The content not being described in detail in description of the invention belongs to the known technology of those skilled in the art.

Claims

1. a kind of super large file in parallel data block localization method based on Hadoop clusters, it is characterised in that as follows including step：

Step 2：Construct specific sequential file；The content of the specific sequential file is integer, each integer exclusive 1 OK, in sequential file often go value be the data block in each map process super large file to be processed side-play amount, sequential file Line number be equal to the number of map processes and need the number of data block to be processed；

The method of tectonic sequence file is any one of following method：

A () generates specific sequence using Microsoft Office Excel by row mode, then copy text in row mode In presents；

B () under vim editing machine command modes keys in order and generates specific sequential file；

C () manually generates the irregular sequential file of needs；

D () generates specific sequential file by autoexec or script file；

Step 3：Modification user program enables user program to receive the data that is transmitted by standard inlet flow, converts the data into Integer data, and the initial address by the data block in super large file to be read in the integer data setting program；

Step 4：In by amended user program and step 2 in the streaming modes invocation step 3 of Hadoop clusters Sequential file completes the positioning of parallel data block, and the method for completing parallel data block positioning is：By using Hadoop clusters Streaming modes realize finder parallelization, by the side-play amount and step 3 of the super large file of sequential file in step 2 In the initial address of super large file complete the positioning of data.
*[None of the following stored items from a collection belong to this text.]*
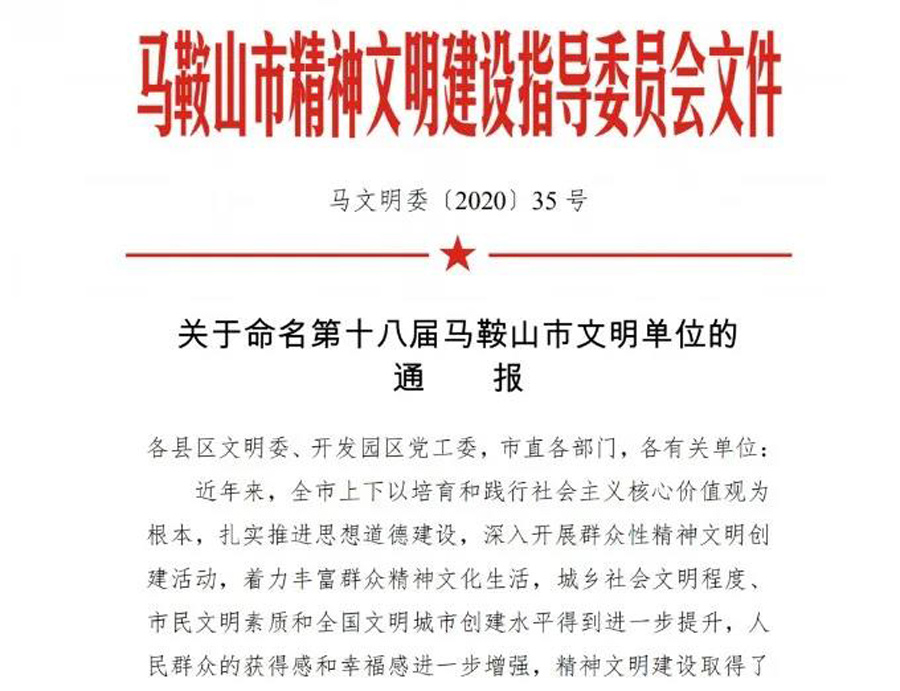 1月4日,马鞍山市精神文明建设指导委员会发布《关于命名第十八届马鞍山市文明单位的通报》(马文明委〔2020〕35 号),通报指出,为充分展示全市精神文明创建活动成果,进一步调动全社会积极参与精神文明建设的主动性,决定命名市机关事务管理中心等 365个单位为“第十八届马鞍山市文明单位”,并公布名单。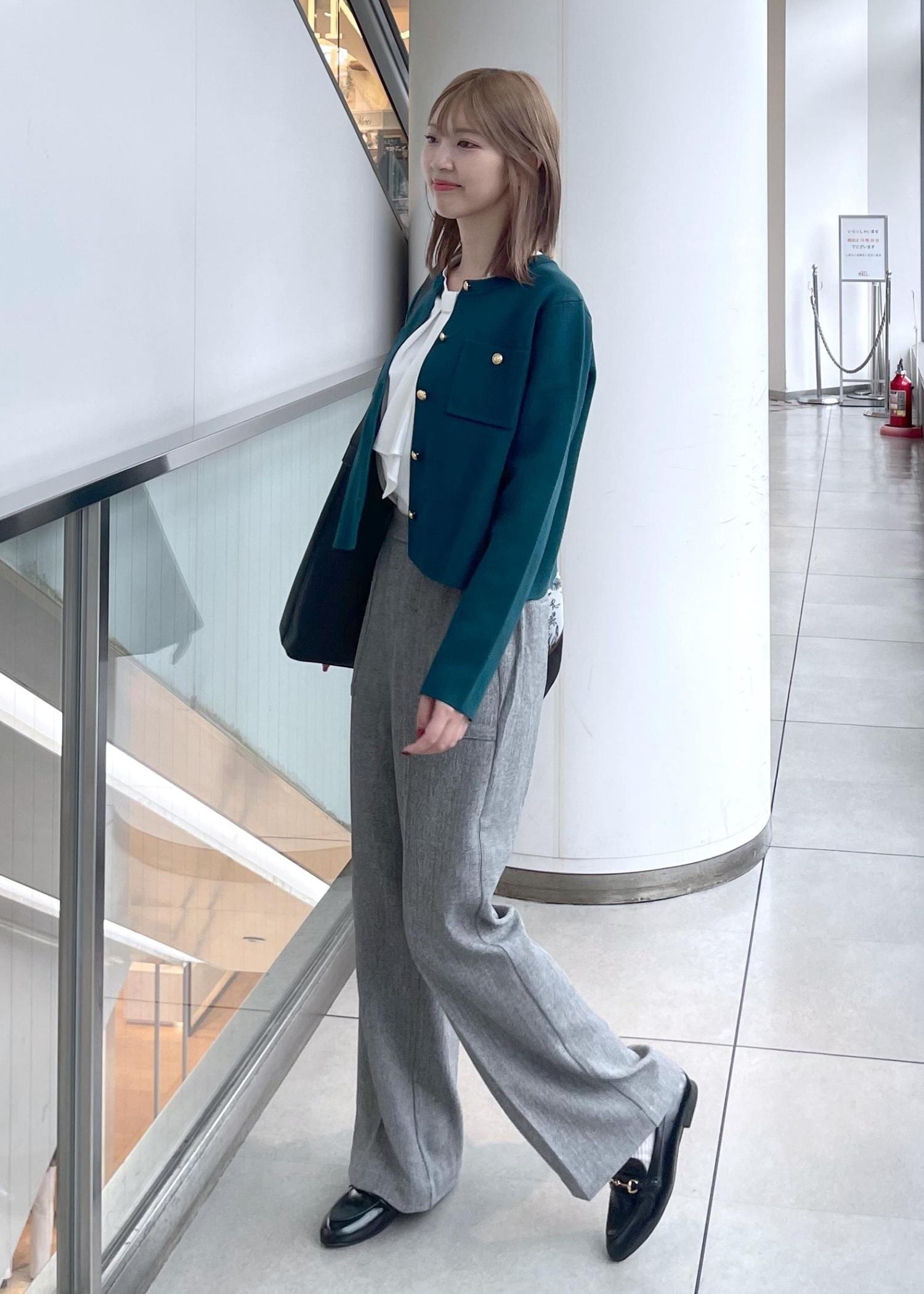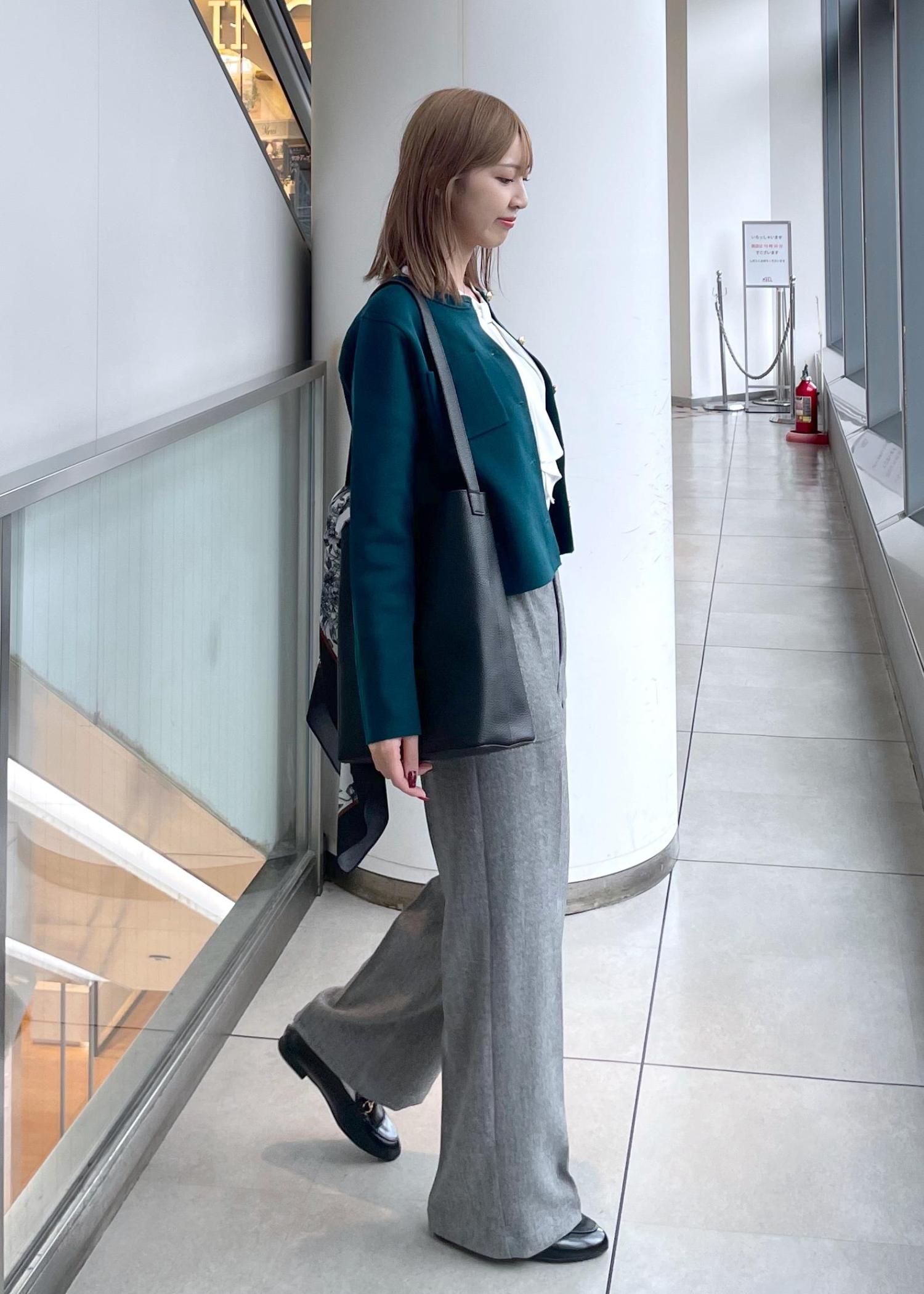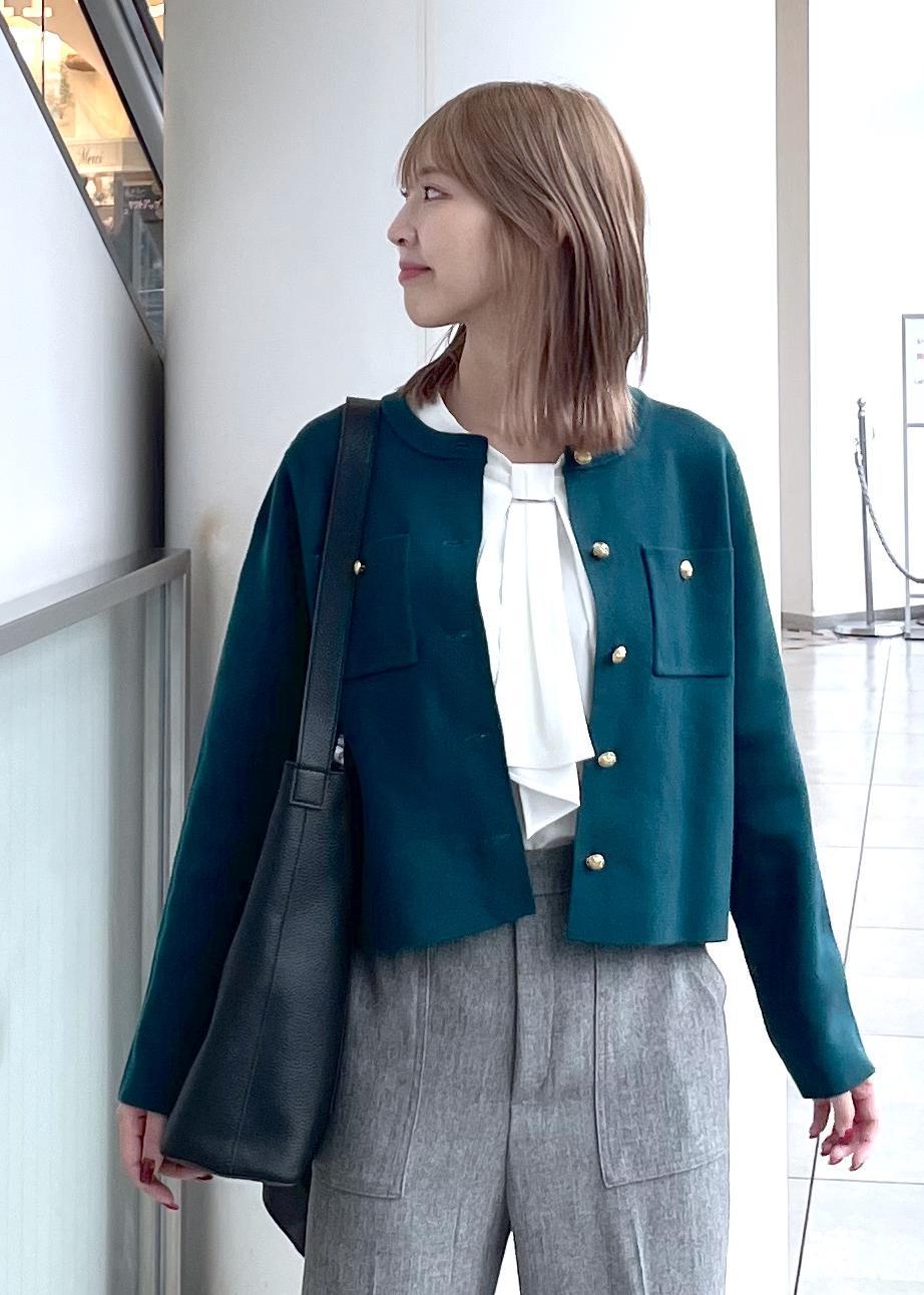 お仕事にもぴったりなキレイめスタイルです。深めカラーのカーディガンを使い秋っぽさをプラスしました。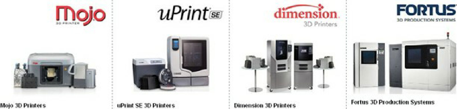 目前,Stratasys已成功打造了uPrint、Dimension和Fortus 3个品牌。其中桌面级的uPrint最低售价不到16,000美元,可打印中等大小的模型,支持彩色打印,适合工程师和教育工作者。落地式的Dimension问世于2002年,是目前全球市场最畅销的3D打印机系列之一,售价约32,000美元,使用坚固的ABS塑料作为打印材料,不仅能打印普通模型,还能打印车内组件,甚至是航空和医疗领域的零部件。Fortus被称为“3D生产系统”,覆盖从桌面级打印机到大型3D打印机在内的多款设备,打印物品的范围从概念模型到高要求的终端配件和制造工具,适用的领域则包括航空、汽车、商业、教育、医疗和军事等,当然售价也相对较高。Stratasys还推出了廉价的桌面级专业3D打印机Mojo系列,售价低至9,900美元,能快速打印出较小的ABS模具。此外,2012年4月,Stratasys还合并了以色列公司Objet,后者同样是3D打印机领域的巨头之一,其因参与《侏罗纪公园3》、《钢铁侠2》、《阿凡达》中的各尺寸模型的制作而在业界小有名气。2013年6月20日,Stratasys宣布收购日渐崛起的桌面级3D打印公司MakerBot。两者的合并意味着以Stratasys为代表的专业级打印设备和以MakerBot为代表的消费机型在技术和品牌上的弥合,并开创面向学校和企业的中端市场的可能。

2. a kind of super large file in parallel data block localization method based on Hadoop clusters as claimed in claim 1, its feature It is：Each computer node in the cluster has independent CPU, internal memory, local hard drive and operating system.

3. a kind of super large file in parallel data block localization method based on Hadoop clusters as claimed in claim 1, its feature It is：Each computer node in the cluster is interconnected by Ethernet or Infiniband.